Amidst the controversy over the in-depth searches of electronic devices on the border that are lawfully happening, the New York City Bar Association has chimed in with some advice for attorneys that could be subject to these border searches. The ethics opinion explains what an attorney's ethical obligations are when it comes to a border search of their electronic devices that contain client data, or privileged information.

The opinion provides some rather detailed advice, including a requirement that an attorney promptly notify any and all clients whose data or confidential information may have been disclosed as a result of a border search.

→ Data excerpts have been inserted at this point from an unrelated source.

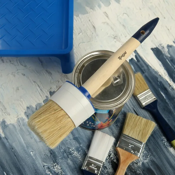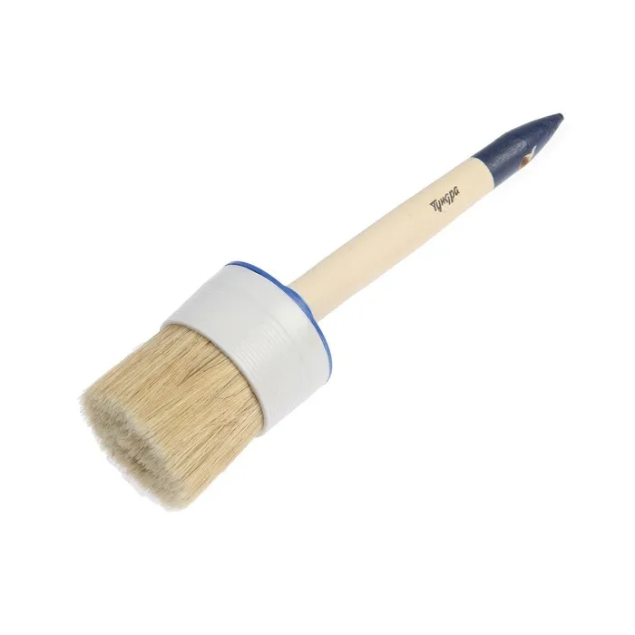 Круглая форма кисти подойдёт для окрашивания в труднодоступных местах, как углы, дверные проёмы и окна.
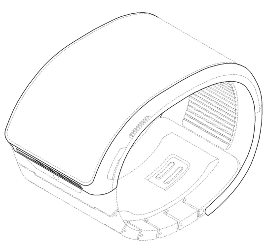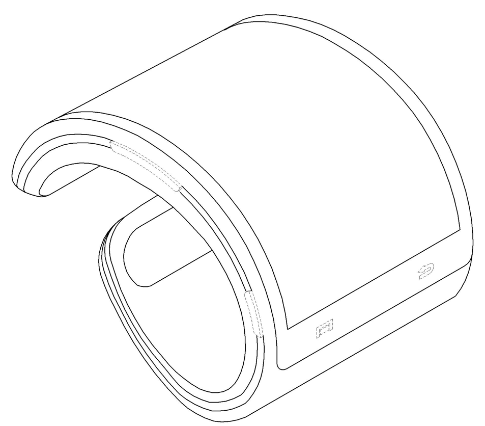 As for the designs themselves, there are three different filings, each with slightly different riffs on a similar aesthetic. The most interesting is the version which uses what appears to be a bending display, stretching out flat in one iteration but then wrapping around the wrist for general wear.
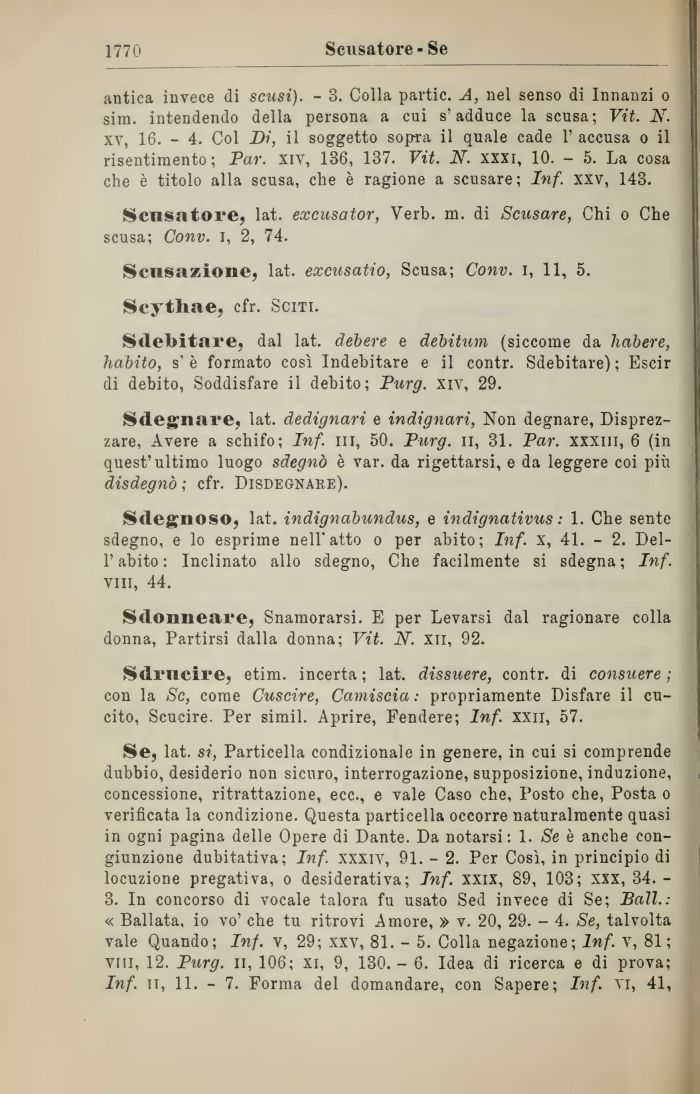 Se, lat. si, Particella condizionale in genere, in cui si comprende dubbio, desiderio non sicuro, interrogazione, supposizione, induzione, concessione, ritrattazione, ecc., e vale Caso che, Posto che, Posta o verificata la condizione. Questa particella occorre naturalmente quasi in ogni pagina delle Opere di Dante. Da notarsi: 1. Se è anche congiunzione dubitativa; Inf. xxxiv, 91. - 2. Per Così, in principio di locuzione pregati va, o desiderativa; Inf. xxix, 89, 103; xxx, 34. -3. In concorso di vocale talora fu usato Sed invece di Se; Sali.: « Ballata, io vo' che tu ritrovi Amore, » v. 20, 29. - 4. Se, talvolta vale Quando; Inf. v, 29; xxv, 81. - 5. Colla negazione; Inf. v, 81; vili, 12. Purg. li, 106; xi, 9, 130. - 6. Idea di ricerca e di prova; Inf. it, 11. - 7. Forma del domandare, con Sapere; Inf. vi, 41,
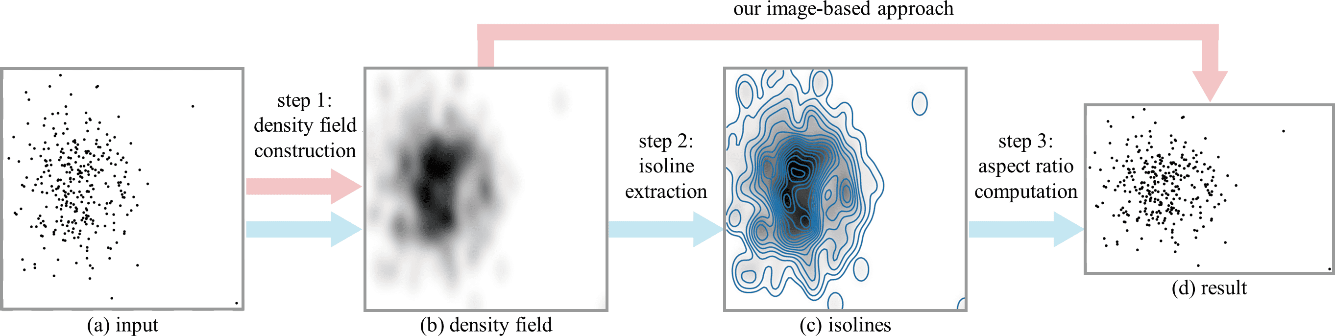Comparative overview of the isoline-based (blue arrows) and our image-based approach (red arrows). Our method bypasses the construction of isolines and directly computes the aspect ratio from the density field. Step 1 is obsolete, if the input data is already given as a density field.
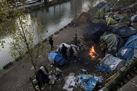 | Des migrants, la plupart Afghans, se réchauffent autour d'un feu le 23 février à Paris où un froid sibérien est attendu. |
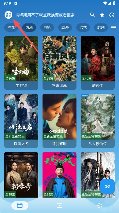 1、点击首页左上角的影视图标
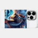 Un cheval noir qui fait rage lors d'une tempête d'éclair près de l'océan, imprimé sur des boîtiers de téléphone portable. Copyright (c) 2024
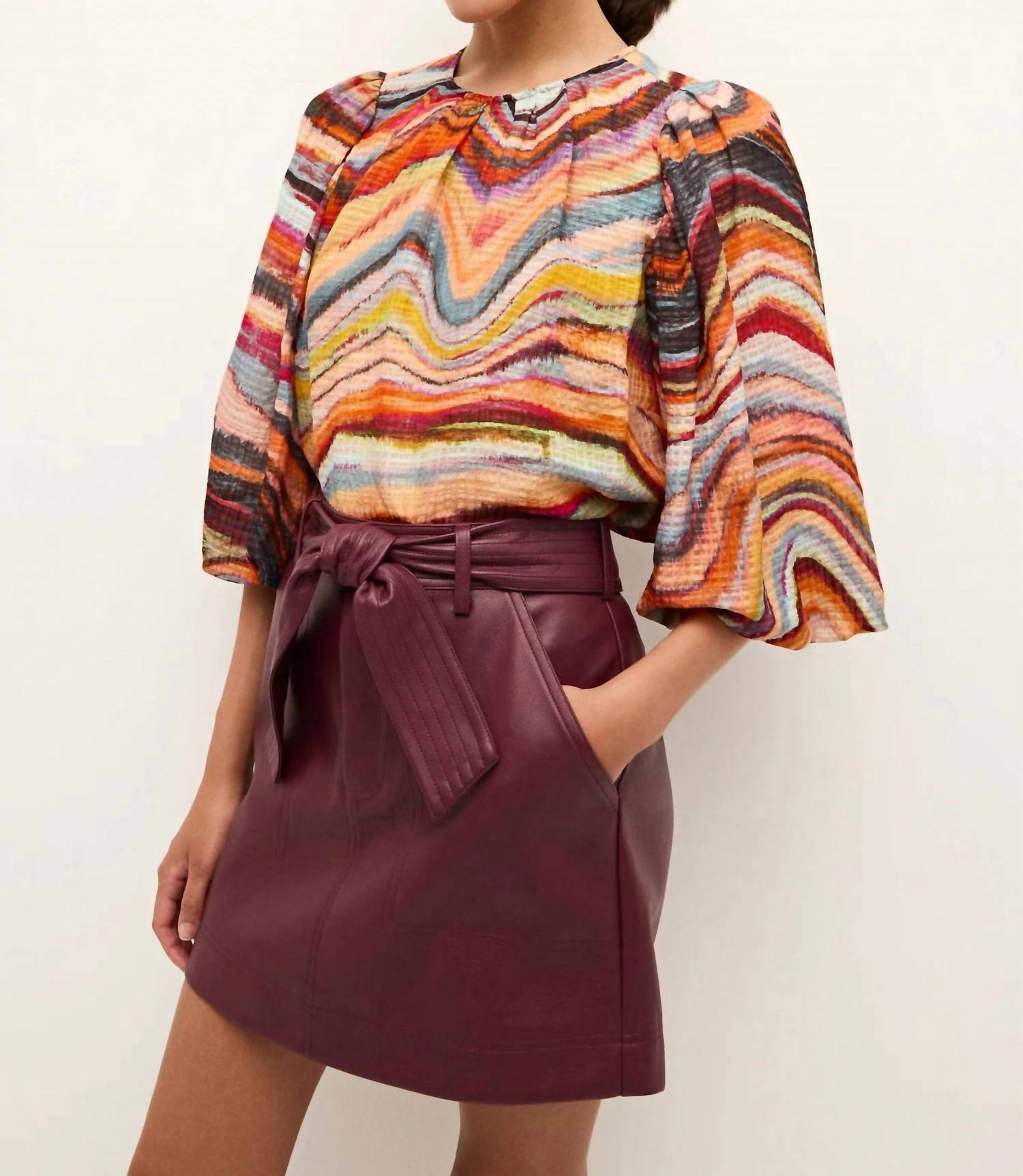 Marie Oliver apresenta o Top Harly Feminino, uma blusa listrada na cor vibrante Ammolite. Com mangas três quartos e gola redonda clássica, este top é confeccionado em uma mistura de viscose premium. Com um prático fecho de zíper nas costas, esta peça combina estilo e funcionalidade com perfeição. Cuide desta blusa elegante com lavagem a seco para mantê-la sempre impecável.
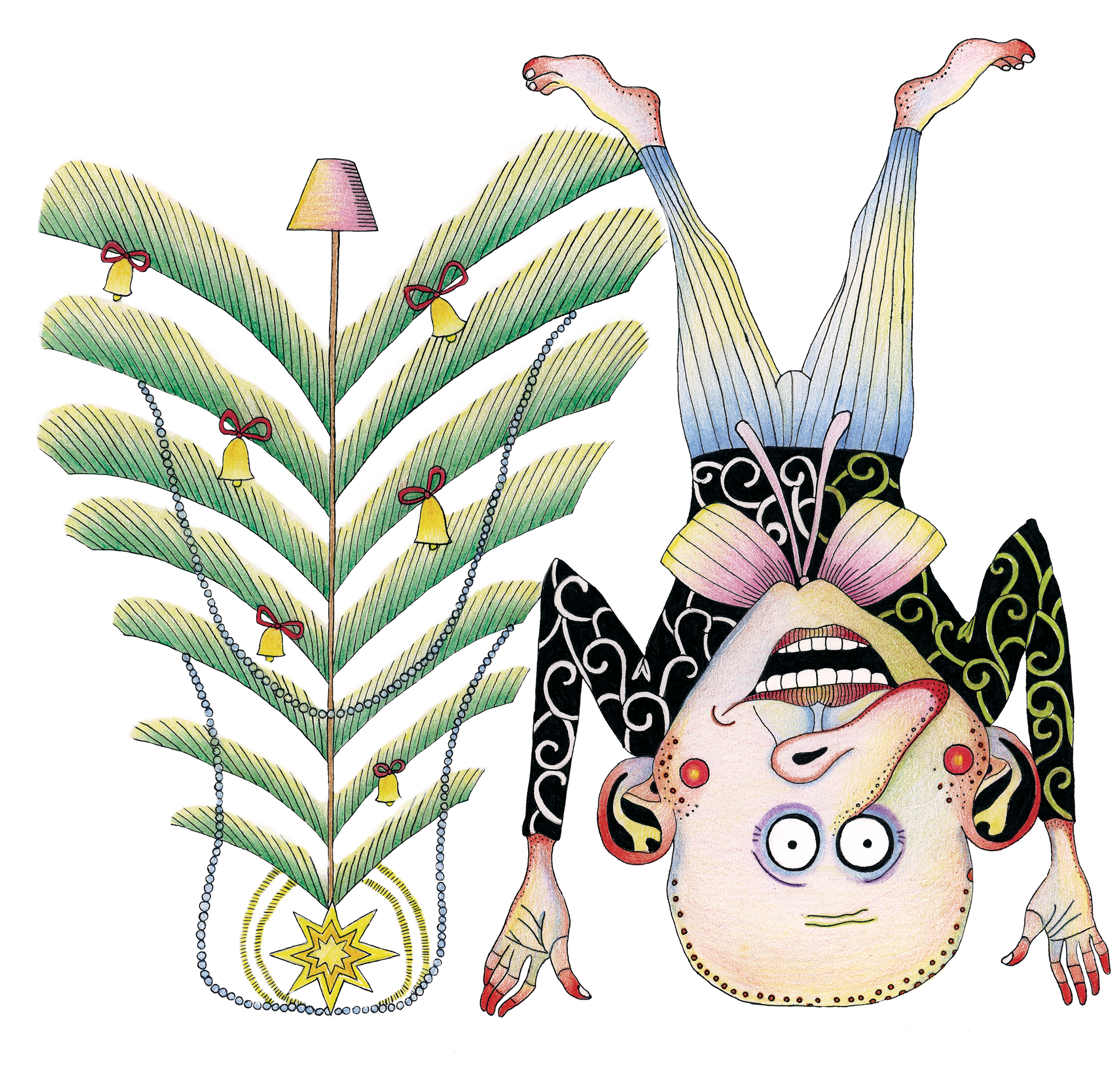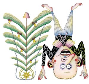 Ekspozicijoje, greta iliustracijų, menininkė pristato ir šmaikščius kalėdinius atvirukus.
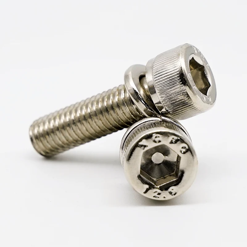Niklowane śruby z łbem gniazdowym sześciokątnym firmy JINSIXI z podkładkami sprężystymi łączą w sobie śrubę z łbem walcowym DIN 912 z wstępnie zmontowaną podkładką sprężystą. Podstawową funkcją podkładki sprężystej jest zapewnienie ciągłej siły tarcia po dokręceniu, zapobiegając poluzowaniu spowodowanemu wibracjami. Działa lepiej niż zwykłe śruby z podkładkami płaskimi pod obciążeniem dynamicznym lub w warunkach rozszerzalności cieplnej i kurczenia się.
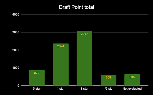Still, four and three-stars are far ahead of five stars in every round and have a huge advantage in draft points. Three-stars are also still significantly ahead of four-stars, so what is going on here? I would love to say we have uncovered something scandalous, but again, a huge piece of context is missing.

The most important thing to remember as you protest the search: remain calm and polite, and take reasonable steps to protect your client's data.

Below, you'll find some of the steps provided in the NYC bar's ethics opinion.

1. Object

While it may seem obvious, minimally, you are ethically bound to speak up and object to the search, and explain the basis of your objection: you have attorney client privileged information.

2. Carry Your "Bar Card"

It can be helpful to actually carry your "bar card" or other official identification showing that you are actually a lawyer. ProTip: make sure it is a physical card and not something digitally stored in your phone. (It may sound silly, but an official card definitely makes you seem like one of the good guys, right?)

3. Ask for the Boss

If the agent insists on the search, request to speak with a supervisor. It is critical to remain polite, and simply continually explain that you are ethically required to protect your client's confidentiality and are exploring all avenues of legally doing so.

4. Mitigate Damage

Attempt to mitigate damages to clients. You should try to ask that certain files not be reviewed due to your ethical duties, or that any search be limited to a live visual inspection. For instance, permitting a visual inspection will be less intrusive than allowing a copy to be made.

As the ABA advises, the easiest way to avoid having client data searched at the border is by not having any with you. With the way electronic devices connect these days, it is entirely possible to clean a device from any confidential information before getting to the border.